Княжна Лукерья поблагодарила полковника за заботу, мельком глянула на драгуна, который только что встал от костра, спиной к возку уже спешно подтягивал подпругу, потом легко вскочил в седло своего коня и только после этого взглянул на возок, который бесшумно покатил уже по сухому тракту на запад.
Если бы княжна Лукерья в этот миг видела лицо драгуна, она бы искренне поразилась и его полураскрытому от удивления рту, и широко вытаращенным глазам.
«Неужто померещилось? – пробормотал драгун, уже отъехав от полковника Бухвостова, который спешно поднимал полк для марша. – Неудобно возвращаться и спрашивать фамилию дамы, которую надо доставить к воеводе без всякой порухи.
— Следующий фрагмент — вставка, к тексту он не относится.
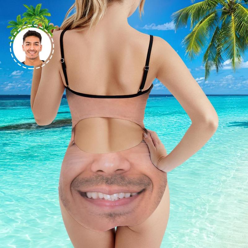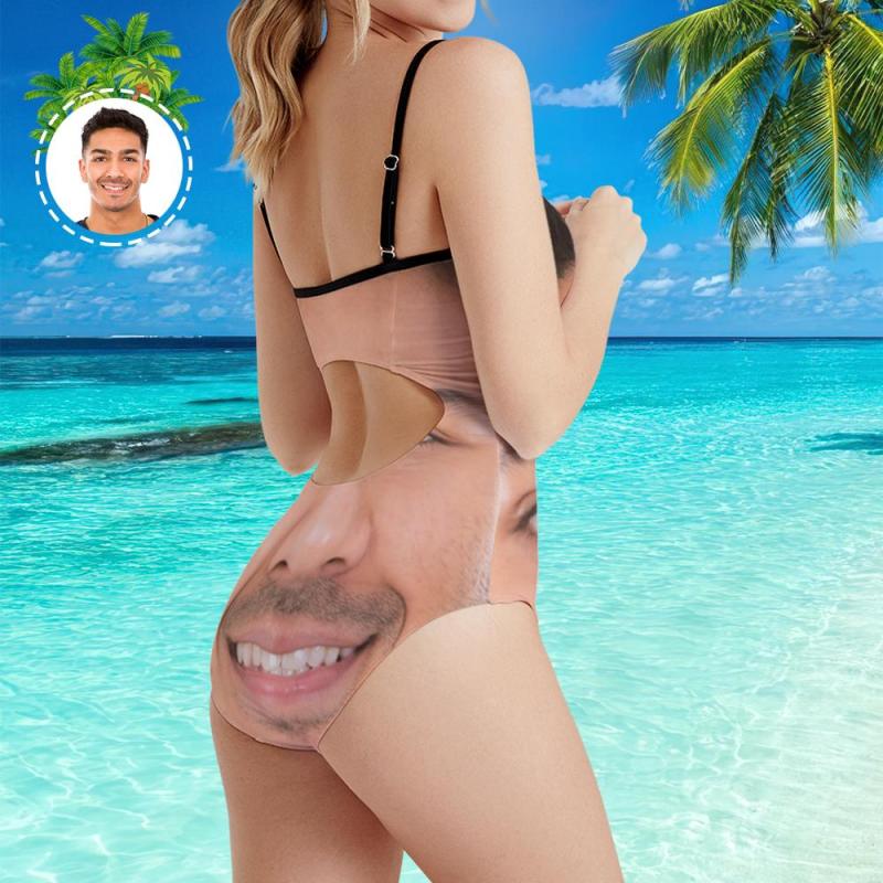 Maillots de bain visage personnalisés aux femmes Photo Caleçon Maillot de bain une pièce Cadeau pour elle - Visage de petit ami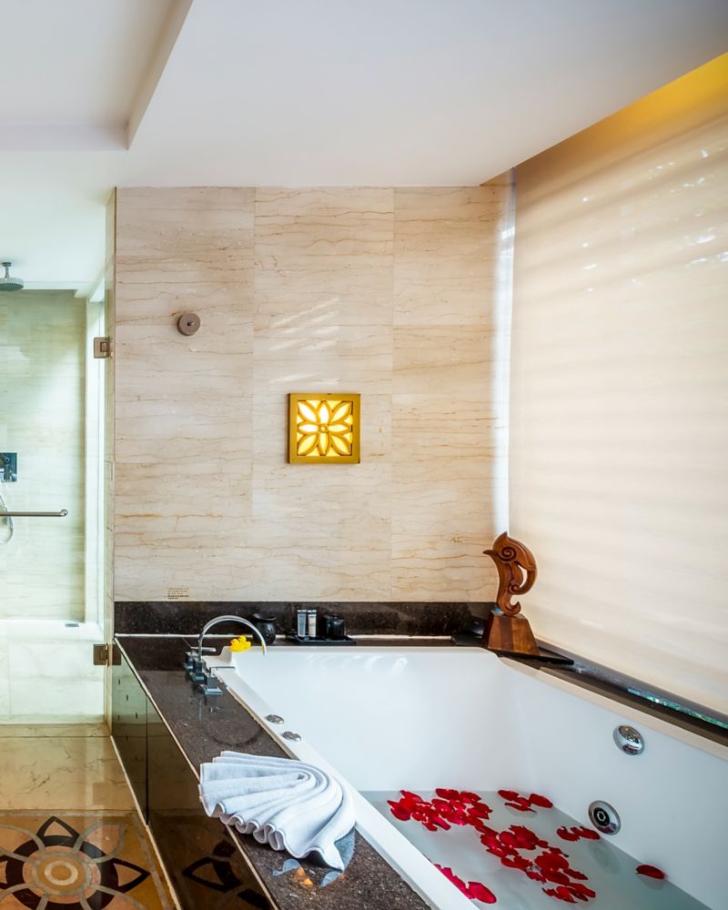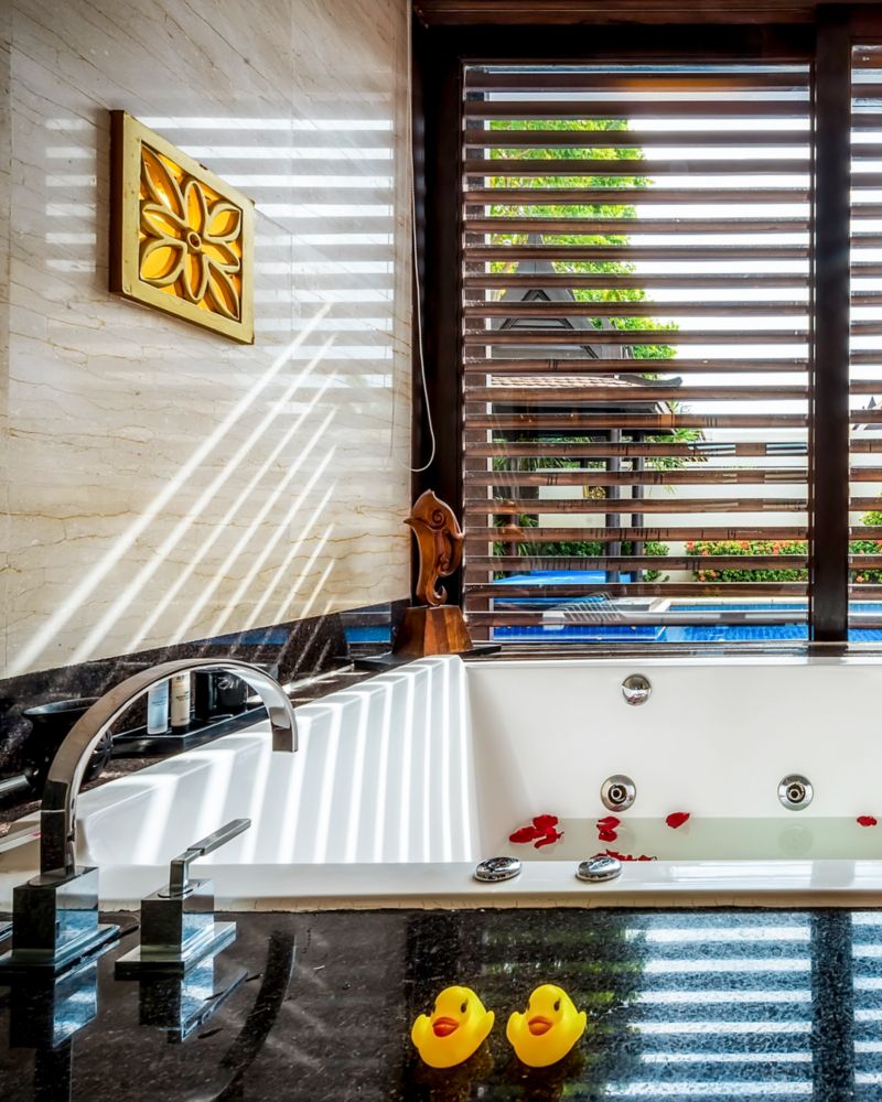 Spacious up to 48sqm with a strong touch of Asian style, offering flat screen TV, bath tub, separate shower room, views of swimming pool. The South East Asian style sculptures and a tropic garden is just outside of the room.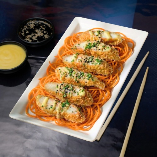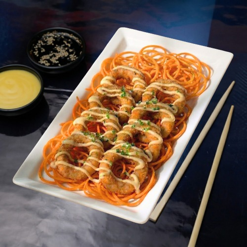 8 camarones crunch, salsa fantasy, cebollín y una cama de zanahoria en espiral.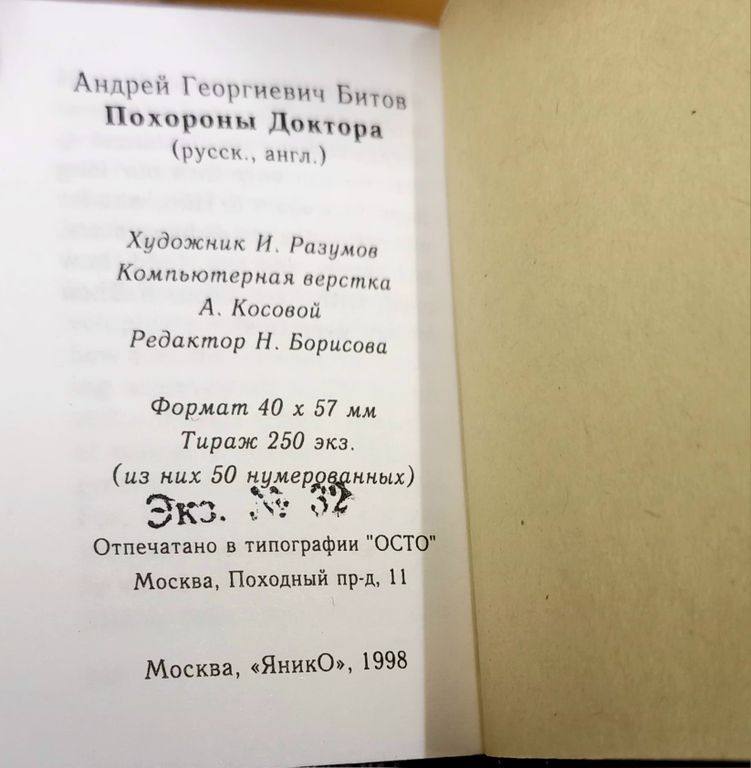 Книга была издана в 1998 году тиражом 250 экземпляров, из них 50 нумерованных.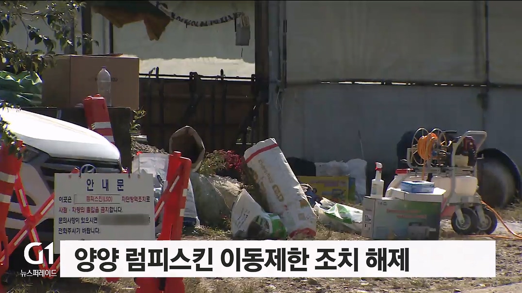 지난달 10일 발생 이후 해당 방역대 내에서 4주간 추가적인 럼피스킨 발생이 없었으며, 발생농장 환경검사와 방역대 농장 소에 대한 임상‧정밀검사에서도 모두 음성으로 확인돼 방역조치가 해제됐습니다.

Догоню возок и посмотрю повнимательнее. Вот будет диво, если это она…» – Драгун слегка ударил коня пятками, нагнал возок, поравнялся с ним и, наклонившись к открытому передку, несколько секунд смотрел на дам, сперва на незнакомую девицу с двумя дивными косами, упавшими ей на высокую грудь, потом на ее соседку, в которой сразу можно было признать даму непростого происхождения – она держала голову высоко, благородно, не склоняя ее даже при легком покачивании возка. А эти глаза…
– Если не ошибаюсь, вы – княжна Лукерья Мышецкая, дочь князя Данилы? – спросил гонец возможно приветливым голосом, словно опасался гнева дамы в случае своей ошибки.
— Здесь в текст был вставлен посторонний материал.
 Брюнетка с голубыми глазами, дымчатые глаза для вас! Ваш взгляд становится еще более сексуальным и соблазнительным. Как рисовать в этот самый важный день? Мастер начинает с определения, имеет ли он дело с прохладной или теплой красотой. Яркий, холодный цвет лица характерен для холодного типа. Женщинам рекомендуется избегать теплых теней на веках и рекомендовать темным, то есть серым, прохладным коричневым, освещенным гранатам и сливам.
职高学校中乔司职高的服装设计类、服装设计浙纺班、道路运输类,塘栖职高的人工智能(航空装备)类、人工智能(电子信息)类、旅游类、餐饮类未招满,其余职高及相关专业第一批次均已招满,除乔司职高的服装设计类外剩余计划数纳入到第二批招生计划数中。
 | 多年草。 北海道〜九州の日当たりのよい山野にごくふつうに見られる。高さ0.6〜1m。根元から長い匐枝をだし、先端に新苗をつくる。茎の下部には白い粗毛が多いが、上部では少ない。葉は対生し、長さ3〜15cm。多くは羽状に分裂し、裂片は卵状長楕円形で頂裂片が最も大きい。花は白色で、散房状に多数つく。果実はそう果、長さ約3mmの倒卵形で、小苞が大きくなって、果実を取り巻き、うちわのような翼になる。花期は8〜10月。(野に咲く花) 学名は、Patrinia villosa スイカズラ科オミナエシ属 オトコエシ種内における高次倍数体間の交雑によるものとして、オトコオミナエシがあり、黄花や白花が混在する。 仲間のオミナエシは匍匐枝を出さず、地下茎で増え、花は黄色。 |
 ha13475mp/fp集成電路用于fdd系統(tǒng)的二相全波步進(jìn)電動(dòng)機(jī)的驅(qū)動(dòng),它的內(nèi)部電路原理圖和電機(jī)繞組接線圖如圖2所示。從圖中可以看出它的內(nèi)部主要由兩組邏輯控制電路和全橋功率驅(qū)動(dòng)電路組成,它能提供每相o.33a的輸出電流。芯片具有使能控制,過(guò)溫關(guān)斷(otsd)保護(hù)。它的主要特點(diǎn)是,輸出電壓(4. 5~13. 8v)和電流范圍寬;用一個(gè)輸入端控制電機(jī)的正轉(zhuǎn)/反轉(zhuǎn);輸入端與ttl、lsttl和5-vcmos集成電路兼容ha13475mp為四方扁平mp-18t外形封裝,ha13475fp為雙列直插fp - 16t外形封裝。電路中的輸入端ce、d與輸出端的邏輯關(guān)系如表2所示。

Княжна Лукерья слегка вздрогнула, возвращаясь из задумчивости, вскинула брови, повернула голову вправо и вверх на рослого драгуна, который привычно и красиво сидел в седле, что для человека низкого сословия было в редкость. Увидела румянощекое лицо, чуть прикрытое мягкой, почти юношеской темно-русой бородкой и усами, прямой, с чуть приметной горбинкой нос и удивительно красивые глаза – широкие, с большими, словно у девицы, ресницами и… разноцветные. Именно эти глаза – один светло-карий, другой светло-зеленый заставили сердце княжны екнуть, из глубины памяти прихлынули воспоминания далекого, почти забытого детства…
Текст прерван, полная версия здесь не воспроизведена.